The operation of the Data Lake and it connection to the SIL is described in Fig. 2. Data analytics methods (e.g. anomaly detection) need raw data stored in the distributed storages of the IoT platforms (e.g. the most recent sensor measurements), as well as specific metadata (e.g. pre-computed anomaly detection thresholds). The raw data are requested from the Data Integration Engine, while the metadata from the Metadata Storage Component. In order to collect the raw data, the Data Integration Engine submits a query to the SIL, written with the naming conventions of the unified ACTIVAGE ontology. The SIL translates the query to the platform-specific data models. The IoT platforms retrieve the requested data from their storage and return them to the SIL, which translates them to the ACTIVAGE ontology and sends them back to the Data Integration Engine. The latter combines the multiple sets of returned results and sends them to the data analytics component. At the same time, the Metadata Storage Component retrieves the requested metadata and sends them to the data analytics component as well. The data analytics method now has all the necessary information to produce the requested output (e.g. the detected anomalies).
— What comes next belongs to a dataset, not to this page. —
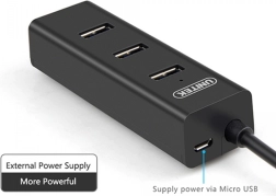 Elegante e compatto, l'HUB in custodia plastica diventerà un ornamento per ogni scrivania, sia a casa che in ufficio. L'hub è alimentato direttamente dall'interfaccia USB e supporta la tecnologia di ricarica BC1.2, che regola intelligentemente la tensione e si assicura che l'alimentazione venga interrotta dopo la carica della batteria. Questo prolunga la durata delle batterie caricate. Inoltre, l'hub è dotato di una porta micro USB per alimentazione aggiuntiva, consentendo di alimentare anche i dispositivi più esigenti dal punto di vista energetico.

3.3 Data Analytics and Information Visualization
The top layers in the ACTIVAGE architecture are the data analytics and information visualization layers, which provide meaningful representations of the raw data to the human operator. IoT applications are usually targeted at monitoring an environment, e.g. a person, a house, a city, etc, in order to facilitate decision making. In the context of e-health for older people, which is the primary target of the ACTIVAGE project, the purpose is to facilitate clinicians in monitoring an individual’s health and taking proper actions, or to facilitate researchers in monitoring large sets of individuals and discover correlations. The focus of data analytics is thus on methods that extract representative features, find correlations, detect anomalies in usual behavior (e.g. to trigger alarms), and cluster objects (patients, devices, etc.) in groups of similar characteristics.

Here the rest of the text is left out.